> [EXERCISE AIM]: Quote the listing below in its entirety, omitting every image.

> [DATASET SECTION]:
= Beginning of Section =

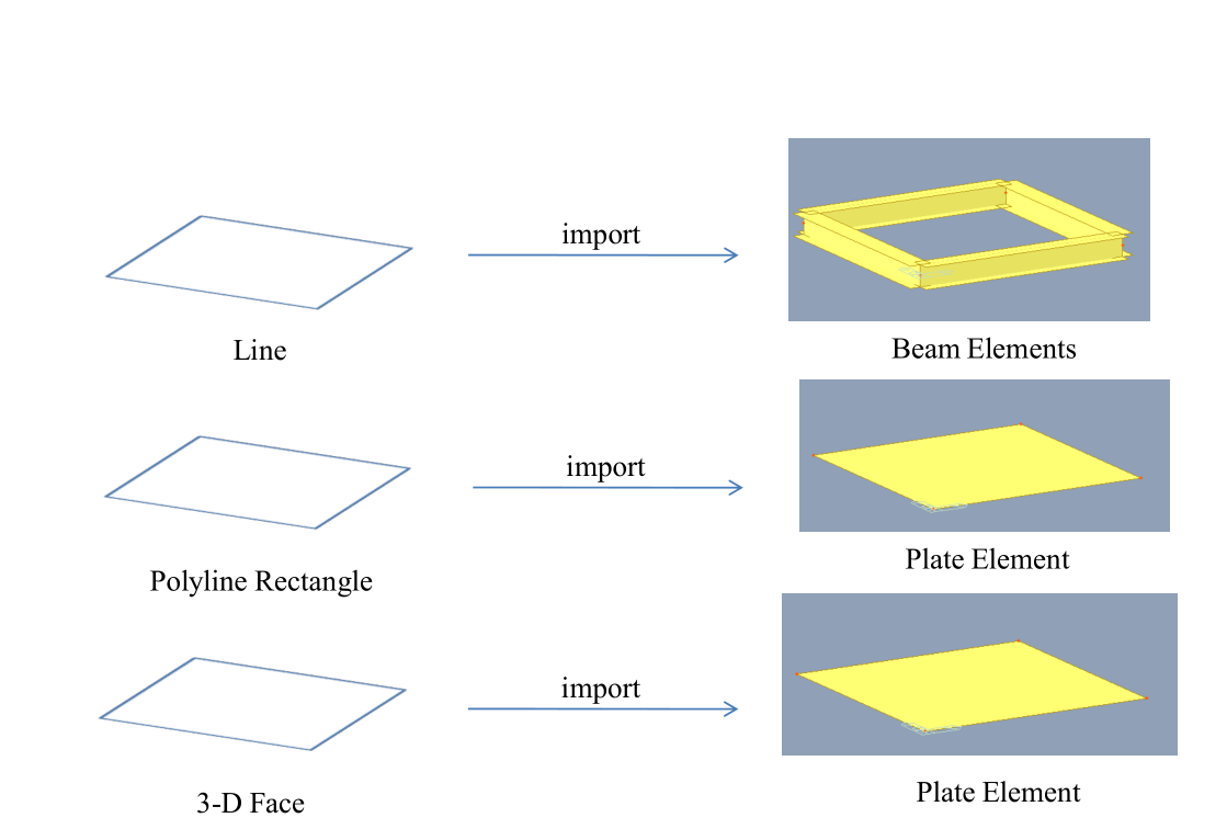 Q1. In what form is the line, polyline and solid model in AutoCAD imported into midas? Is line imported as a beam and so on.
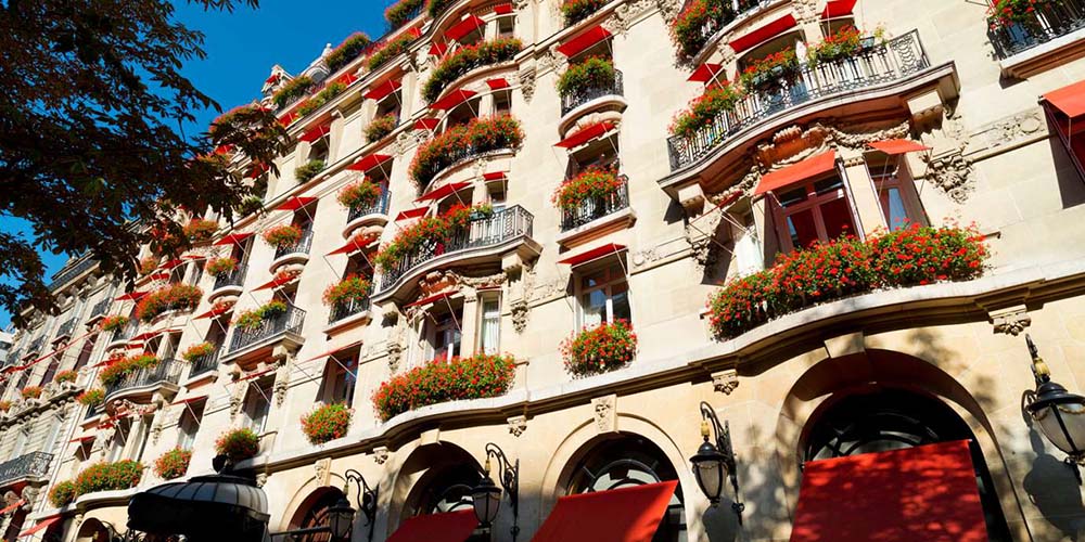 L’Hôtel Plaza Athénée , considerato perfino la meta haute couture e haute cuisine. Le star (tra le tante David Beckham) amano le sue suite, grandi come appartamenti. E’ il prediletto perfino dal grande chef Alain Ducasse che qui ha installato il suo prestigioso ristorante (famoso per colazioni di lavoro e per pranzo anche) e per il suo bar di design, dove si realizzano cocktail iconici e dove vale la pena andare anche se non si dorme qui. Ci vanno tutti gli uomini d’affari di Parigi e i finanzieri, come stilisti e designer, e attori. La spa è il Dior Institute, con trattamenti eccezionali, in un’oasi di puro lusso, mentre su schermi alle pareti si possono rivedere le ultime sfilate di moda. Il fitness center (con un centro perfino per fare pugilato) è aperto al pubblico con una politica di membri (la quota mensile si aggira intorno ai 950 Euro).
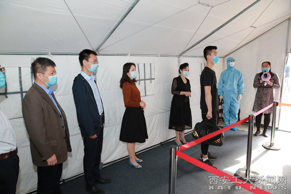 进入学生公寓前,进行二次测温。若有学生在宿舍出现发热,需立刻到宿舍楼下临时隔离点,经防疫专用转运车将学生转移至校医院预检分诊处进行复测。仍为发热后,将该生送往西安市第三医院发热门诊就诊,并在学校隔离该宿舍内其他学生。
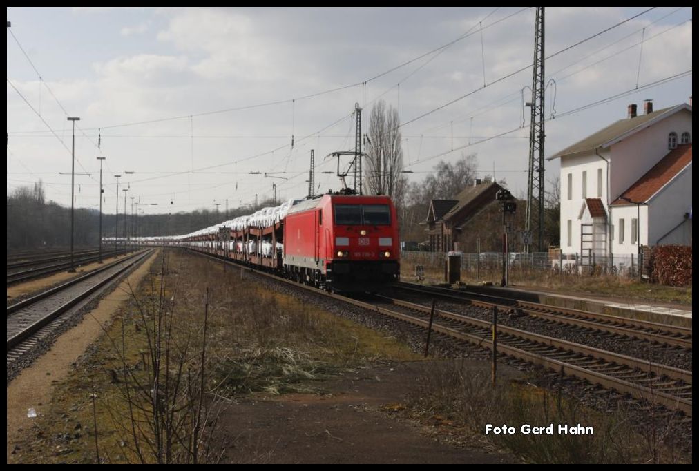 152071 passiert am 13.03.2015 um 14.29 Uhr mit einem Containerzug Richtung Münster das entwidmete und renovierte Bahnhofsgebäude in Hasbergen. Gerd Hahn

= End of Section =

> [EXERCISE RESPONSE]:
 Q1. In what form is the line, polyline and solid model in AutoCAD imported into midas? Is line imported as a beam and so on.
 L’Hôtel Plaza Athénée , considerato perfino la meta haute couture e haute cuisine. Le star (tra le tante David Beckham) amano le sue suite, grandi come appartamenti. E’ il prediletto perfino dal grande chef Alain Ducasse che qui ha installato il suo prestigioso ristorante (famoso per colazioni di lavoro e per pranzo anche) e per il suo bar di design, dove si realizzano cocktail iconici e dove vale la pena andare anche se non si dorme qui. Ci vanno tutti gli uomini d’affari di Parigi e i finanzieri, come stilisti e designer, e attori. La spa è il Dior Institute, con trattamenti eccezionali, in un’oasi di puro lusso, mentre su schermi alle pareti si possono rivedere le ultime sfilate di moda. Il fitness center (con un centro perfino per fare pugilato) è aperto al pubblico con una politica di membri (la quota mensile si aggira intorno ai 950 Euro).
 进入学生公寓前,进行二次测温。若有学生在宿舍出现发热,需立刻到宿舍楼下临时隔离点,经防疫专用转运车将学生转移至校医院预检分诊处进行复测。仍为发热后,将该生送往西安市第三医院发热门诊就诊,并在学校隔离该宿舍内其他学生。
 152071 passiert am 13.03.2015 um 14.29 Uhr mit einem Containerzug Richtung Münster das entwidmete und renovierte Bahnhofsgebäude in Hasbergen. Gerd Hahn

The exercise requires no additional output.